Problem: The records below are to be reproduced exactly, and no picture should appear in the copy.

*** Opening Extracted material ***

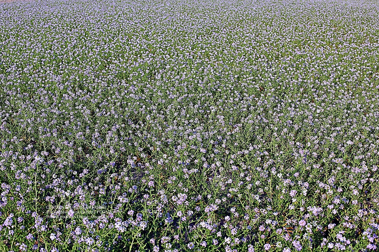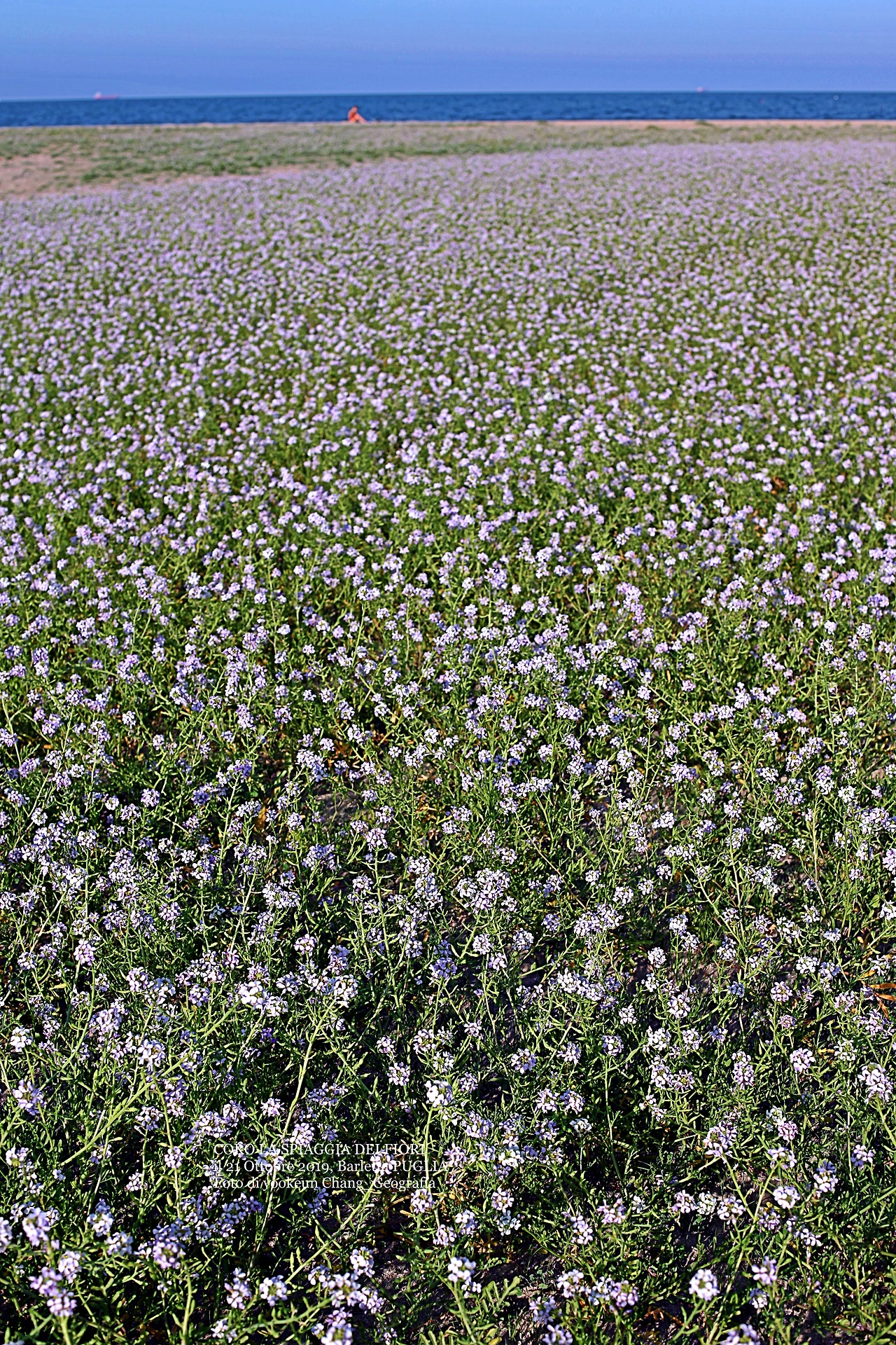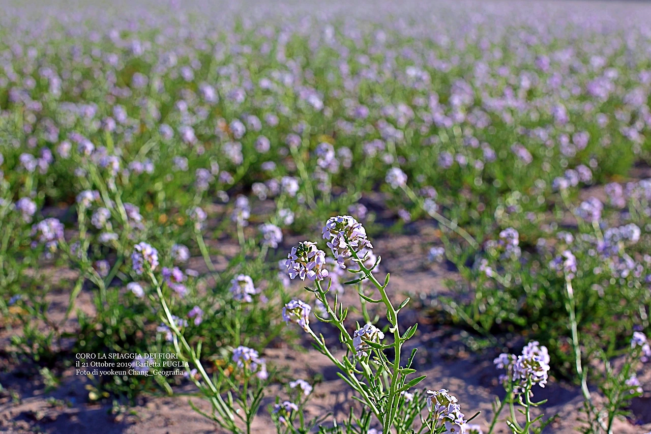그런데 지난 8월말경 바캉스 시즌이 끝나고부터 재밌는 현상이 발견되기 시작했다. 바닷가 모래밭에 초록빛 기운이 감돌더니 9월이 접어들면서 모래밭은 축구장처럼 파란 싹들로 뒤덮였다. 그리고 10월로 접어들 때 장관이 빚어졌다. 풀꽃들이 연보라빛 꽃을 피우며 대합창을 시작한 것이다.
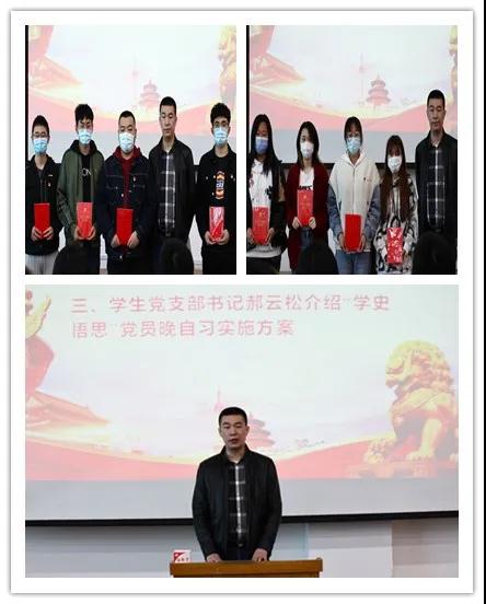 会前,与会师生观看了《永葆初心:习近平讲述百年征程》短视频。随后,与会党员代表马宇鑫,入党积极分子代表张乐鑫、赵宏帆、张朦璐依次进行发言并交流学习心得体会。
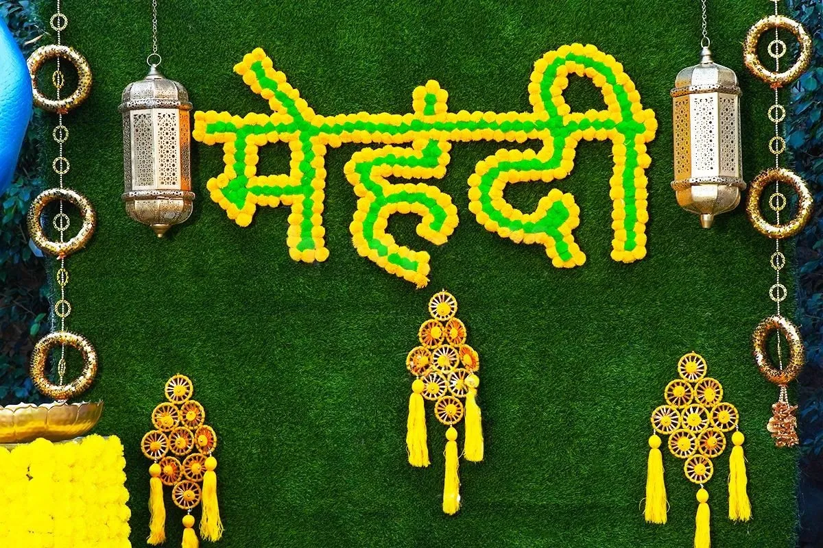 This decor features a lush green backdrop with a central Mehndi board, paired with a comfortable low-seating arrangement. Traditional elements like a golden chowki and brass lamps add warmth and cultural richness, while decorative accents such as golden rings, diamond hangings, and mirror balls enhance the overall look.
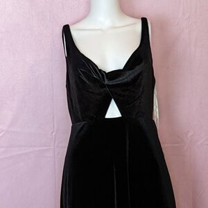 Lovely Black Velvet V Neck Sleeveless Cut Out Long Bridesmaid Dress size 8
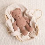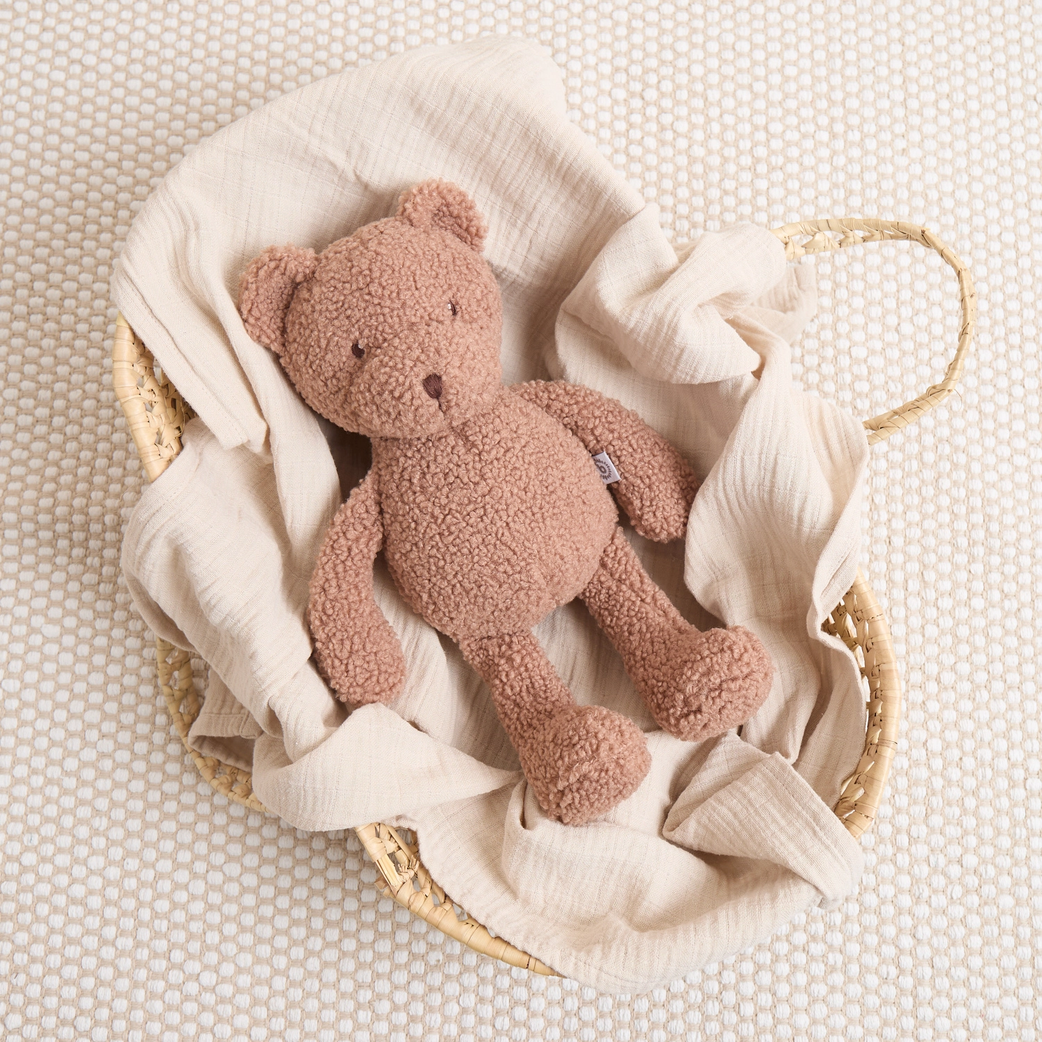 A bolyhos, csokoládébarnára színezett felület gyengéd a bababőrhöz és egyenesen hívogat az ölelésre.
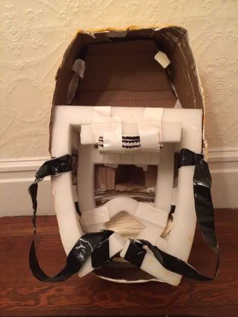 O más exactamente, sus hombros. Me agregó dos tiras de cinta de conducto a la parte posterior del marco y cayó sobre mis hombros como una mochila inversa. También se puede ver que grabó una pequeña toalla de plato allí por lo que mi cabeza no empujar directamente contra el marco.

*** Closing Extracted material ***

Task answer:
그런데 지난 8월말경 바캉스 시즌이 끝나고부터 재밌는 현상이 발견되기 시작했다. 바닷가 모래밭에 초록빛 기운이 감돌더니 9월이 접어들면서 모래밭은 축구장처럼 파란 싹들로 뒤덮였다. 그리고 10월로 접어들 때 장관이 빚어졌다. 풀꽃들이 연보라빛 꽃을 피우며 대합창을 시작한 것이다.
 会前,与会师生观看了《永葆初心:习近平讲述百年征程》短视频。随后,与会党员代表马宇鑫,入党积极分子代表张乐鑫、赵宏帆、张朦璐依次进行发言并交流学习心得体会。
 This decor features a lush green backdrop with a central Mehndi board, paired with a comfortable low-seating arrangement. Traditional elements like a golden chowki and brass lamps add warmth and cultural richness, while decorative accents such as golden rings, diamond hangings, and mirror balls enhance the overall look.
 Lovely Black Velvet V Neck Sleeveless Cut Out Long Bridesmaid Dress size 8
 A bolyhos, csokoládébarnára színezett felület gyengéd a bababőrhöz és egyenesen hívogat az ölelésre.
 O más exactamente, sus hombros. Me agregó dos tiras de cinta de conducto a la parte posterior del marco y cayó sobre mis hombros como una mochila inversa. También se puede ver que grabó una pequeña toalla de plato allí por lo que mi cabeza no empujar directamente contra el marco.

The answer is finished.